Government funding schemes add to LIBOR headache
Governments across the world moved quickly at the start of the coronavirus crisis with a range of schemes to provide financial assistance to businesses affected by lockdowns and social distancing. Banks and other lenders are encouraged to extend loans to enable businesses to ride out the COVID-19 storm engulfing economies.
Indications are though, at least in the UK, the majority of loans approved so far use LIBOR, the interest rate benchmark discredited after the 2008 financial crisis when authorities found traders were manipulating it to make a profit.
While the UK’s Financial Conduct Authority (FCA) has extended its deadline for ending the use of Sterling LIBOR in new loans until the end of March 2021, lenders are only adding to eye-watering level of LIBOR exposed loan agreements currently on their books. New loans, as well as legacy debt using LIBOR, will need remediation before December 2021 when panel banks are able to stop issuing the rate.
The sudden need for funding and the limited implementation of SONIA, the risk-free rate for sterling markets issued by the Bank of England, mean lenders had little choice but to issue LIBOR referenced loans.
“At present, there is no appetite from the regulators to extend the deadline for the cessation of LIBOR, despite the pandemic,” said Guy Usher, partner and co-head of financial services and financial markets and products at European law firm Fieldfisher. “Given transition progress to date it is also unlikely that lenders, needing to move swiftly in responding to the call for emergency funding, will be issuing debt using anything other than conventional pricing right now and, for most lenders, that will mean using LIBOR as the interest rate reference.”

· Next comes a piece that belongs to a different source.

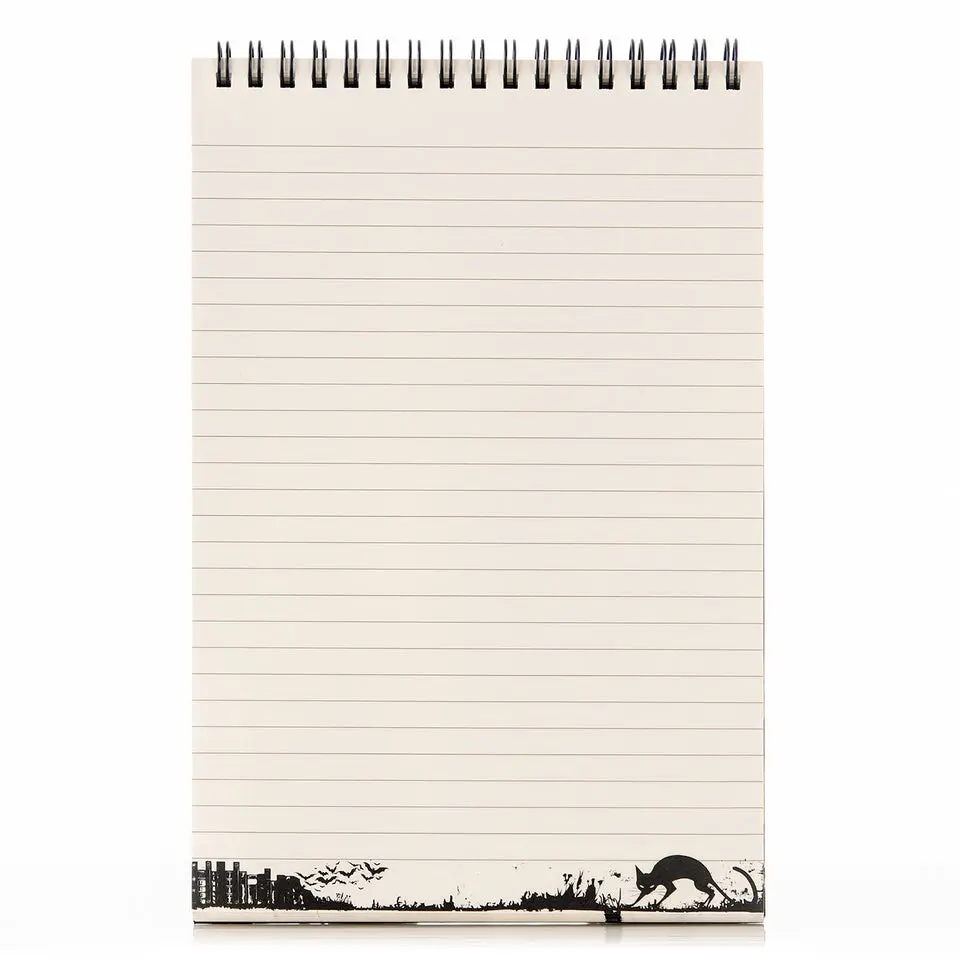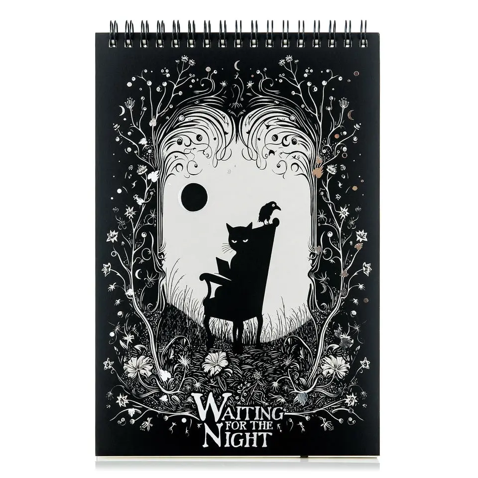 ·Waiting for the Night Top-Spiral Steno Notepad (6'' x 9''): 50 sheets of premium 60 lb. paper, spiral-bound on a sturdy backboard, with a silver-foiled front cover featuring a black cat and raven design. Ideal for notes, checklists, reminders, and planning.

According to FCA figures, LIBOR is used as a benchmark rate in more than $30tn of financial contracts including derivatives, bonds and loans in Sterling markets. While the current government business interruption schemes are unlikely to contribute substantial volumes to this, (currently estimated at $330 bn), they will nevertheless compound the headache that already exists on lenders’ books.
“Loan market participants have the dual task of sorting out their tough legacy contracts and recalibrating their systems for new rate conventions,” said Philip Abbott, partner and co-head of financial services and financial markets and products at Fieldfisher. “Those lenders that are not fighting fires with bad debt provisions or who have mothballed new lending have the opportunity to accelerate the move across to risk-free rates like SONIA.
“This exercise was already causing a headache for lenders, but the added pressure of coronavirus could lead to a rather nasty migraine.”